++++ Materials provided ++++

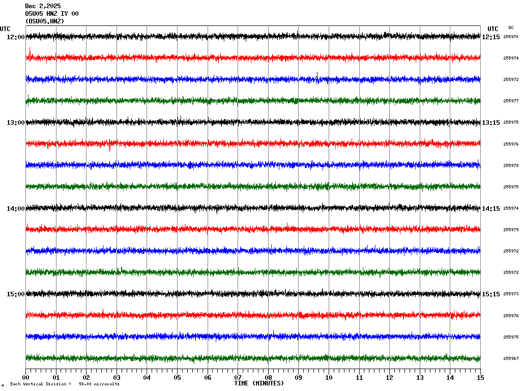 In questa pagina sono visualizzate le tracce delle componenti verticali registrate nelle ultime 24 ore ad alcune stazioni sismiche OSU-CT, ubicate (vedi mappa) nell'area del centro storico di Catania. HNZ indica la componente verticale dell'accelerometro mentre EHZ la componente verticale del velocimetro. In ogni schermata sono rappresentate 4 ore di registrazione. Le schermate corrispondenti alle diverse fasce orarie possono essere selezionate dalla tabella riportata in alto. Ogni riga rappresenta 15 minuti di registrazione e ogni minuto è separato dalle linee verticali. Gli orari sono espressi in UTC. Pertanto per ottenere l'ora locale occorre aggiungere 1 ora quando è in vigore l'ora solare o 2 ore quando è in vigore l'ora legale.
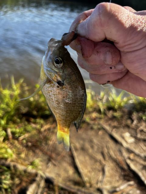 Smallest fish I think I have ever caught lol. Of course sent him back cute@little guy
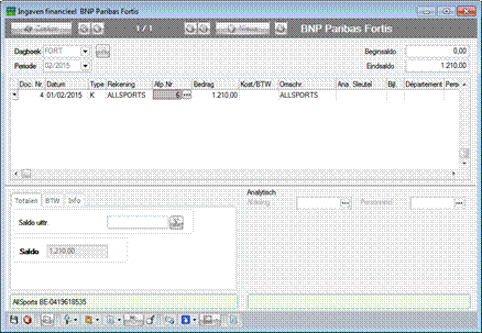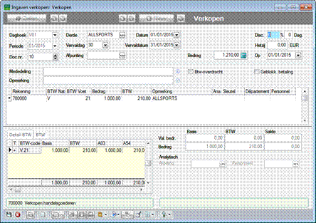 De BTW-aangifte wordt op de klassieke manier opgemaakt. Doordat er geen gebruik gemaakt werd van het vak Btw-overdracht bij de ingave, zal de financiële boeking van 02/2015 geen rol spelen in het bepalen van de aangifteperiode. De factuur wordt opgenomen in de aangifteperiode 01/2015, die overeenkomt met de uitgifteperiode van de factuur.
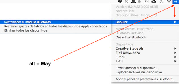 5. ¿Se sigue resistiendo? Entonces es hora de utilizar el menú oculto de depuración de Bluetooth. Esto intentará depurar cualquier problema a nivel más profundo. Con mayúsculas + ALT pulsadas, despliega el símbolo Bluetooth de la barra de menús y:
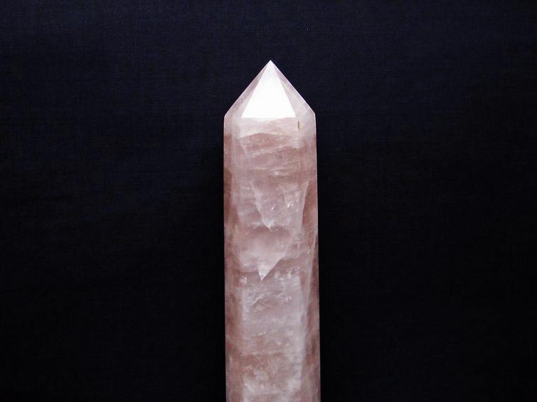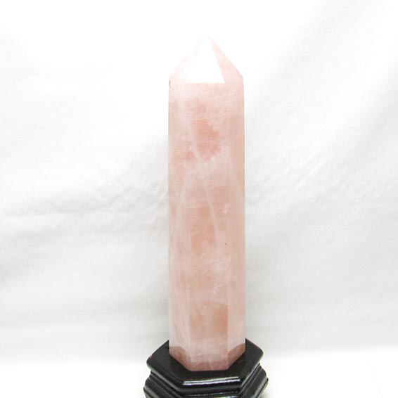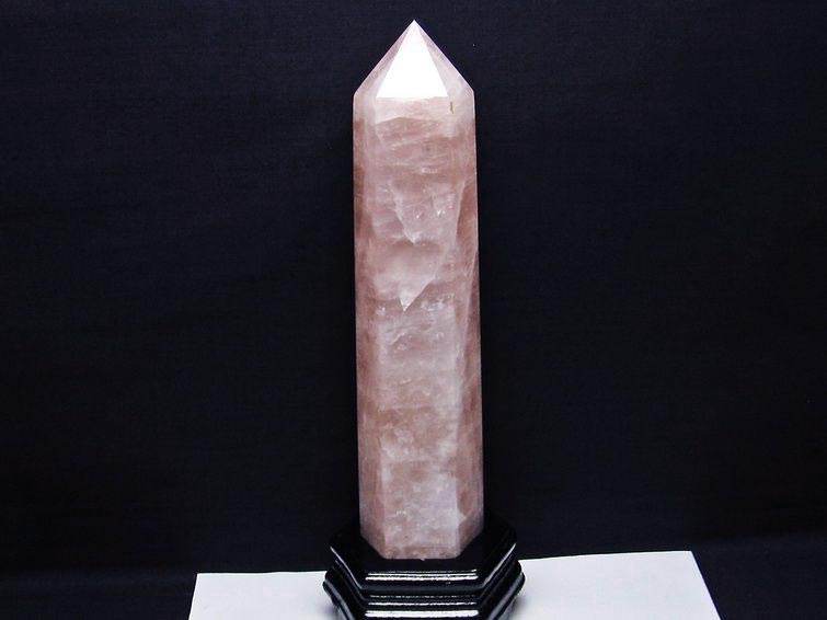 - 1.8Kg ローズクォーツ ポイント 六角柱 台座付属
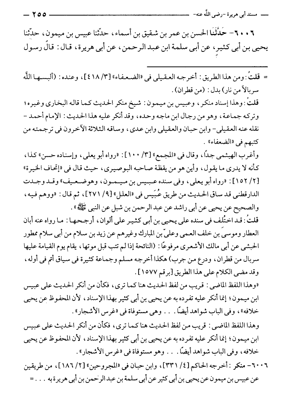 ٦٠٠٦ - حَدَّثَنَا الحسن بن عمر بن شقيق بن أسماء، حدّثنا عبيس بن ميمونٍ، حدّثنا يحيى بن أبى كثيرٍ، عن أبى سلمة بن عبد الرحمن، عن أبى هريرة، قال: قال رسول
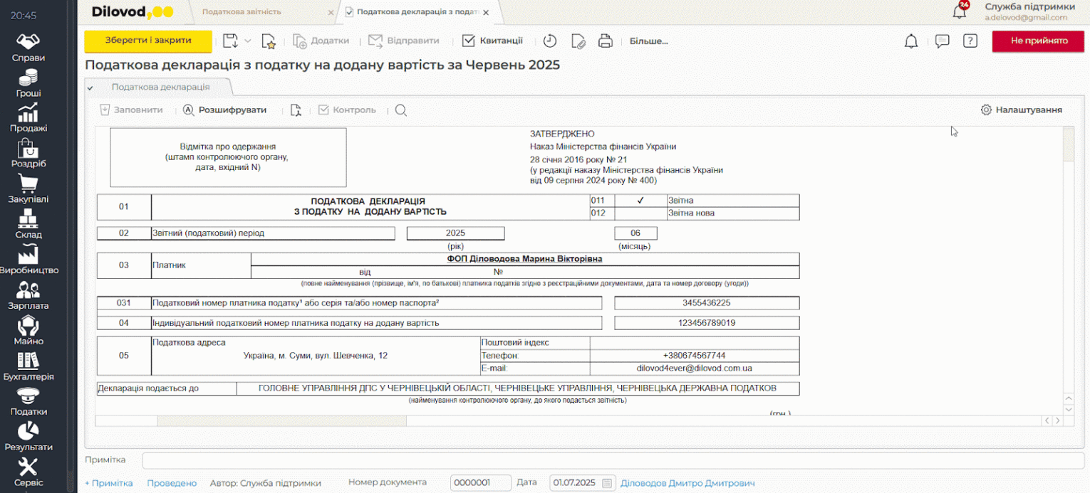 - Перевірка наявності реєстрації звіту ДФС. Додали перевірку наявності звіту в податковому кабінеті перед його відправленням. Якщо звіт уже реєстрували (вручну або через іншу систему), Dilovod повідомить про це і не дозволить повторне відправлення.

++++

### What needs to be done
Output the line containing "5. ¿Se sigue" and each line after it, through the end of the material, exactly as given. No pictures belong in the output.

### Solution for this exercise
 5. ¿Se sigue resistiendo? Entonces es hora de utilizar el menú oculto de depuración de Bluetooth. Esto intentará depurar cualquier problema a nivel más profundo. Con mayúsculas + ALT pulsadas, despliega el símbolo Bluetooth de la barra de menús y:
 - 1.8Kg ローズクォーツ ポイント 六角柱 台座付属
 ٦٠٠٦ - حَدَّثَنَا الحسن بن عمر بن شقيق بن أسماء، حدّثنا عبيس بن ميمونٍ، حدّثنا يحيى بن أبى كثيرٍ، عن أبى سلمة بن عبد الرحمن، عن أبى هريرة، قال: قال رسول
 - Перевірка наявності реєстрації звіту ДФС. Додали перевірку наявності звіту в податковому кабінеті перед його відправленням. Якщо звіт уже реєстрували (вручну або через іншу систему), Dilovod повідомить про це і не дозволить повторне відправлення.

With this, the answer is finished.